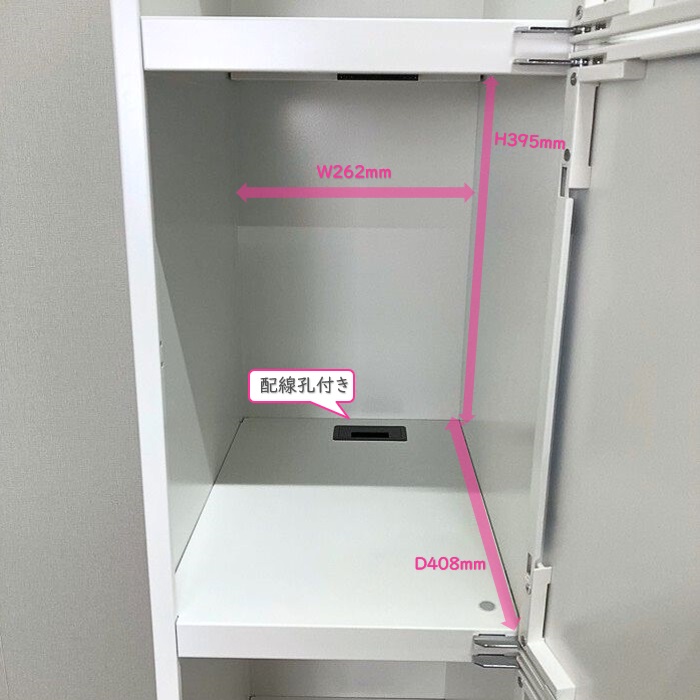 庫内の底部に配線孔がありますので、コンセントを取り付けることでモバイル類の充電も可能です。
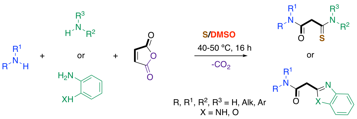 Abstract. Malonic acid derivatives could be conveniently prepared with high degree of functional flexibility via redox condensation reactions between anhydride maleic, amines, elemental sulfur and DMSO as oxidant. This multicomponent decarboxylative transformation consists in a cascade of ring opening, decarboxylative oxidative thioamidation at temperature as low as 50 °C.
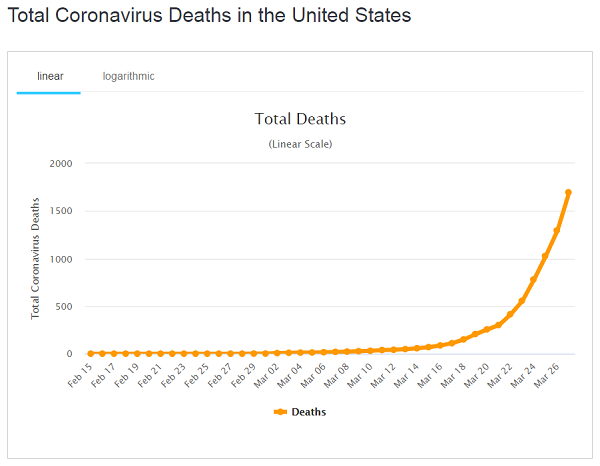 And here’s what the aggregate (total) deaths now looks like in America, as we approach 2,000 confirmed fatalities from coronavirus:
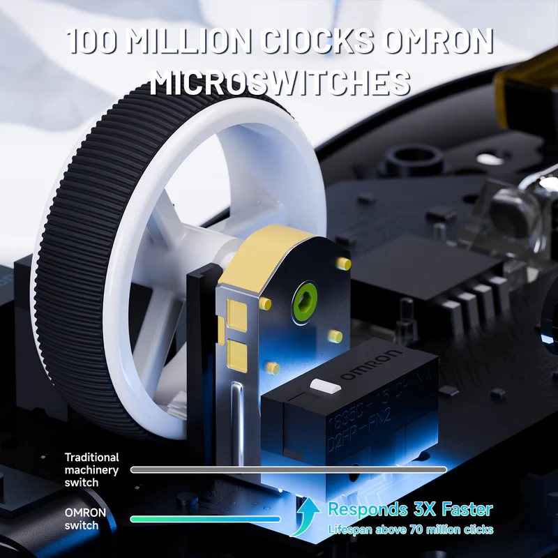 Special surface coating enhances grip and comfort while maintaining a premium, clean white aesthetic ideal for modern gaming setups. - 100 Million Click Omron Microswitches
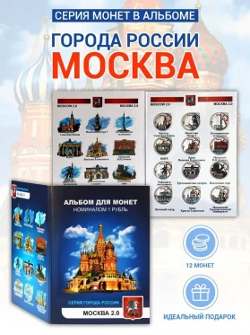 Набор монет - "Города России" Москва, (12 монет в альбоме)

_EXERCISE BRIEF_:
Leave out all images, then reproduce the entries above exactly.

_COMPLETED EXERCISE_:
 庫内の底部に配線孔がありますので、コンセントを取り付けることでモバイル類の充電も可能です。
 Abstract. Malonic acid derivatives could be conveniently prepared with high degree of functional flexibility via redox condensation reactions between anhydride maleic, amines, elemental sulfur and DMSO as oxidant. This multicomponent decarboxylative transformation consists in a cascade of ring opening, decarboxylative oxidative thioamidation at temperature as low as 50 °C.
 And here’s what the aggregate (total) deaths now looks like in America, as we approach 2,000 confirmed fatalities from coronavirus:
 Special surface coating enhances grip and comfort while maintaining a premium, clean white aesthetic ideal for modern gaming setups. - 100 Million Click Omron Microswitches
 Набор монет - "Города России" Москва, (12 монет в альбоме)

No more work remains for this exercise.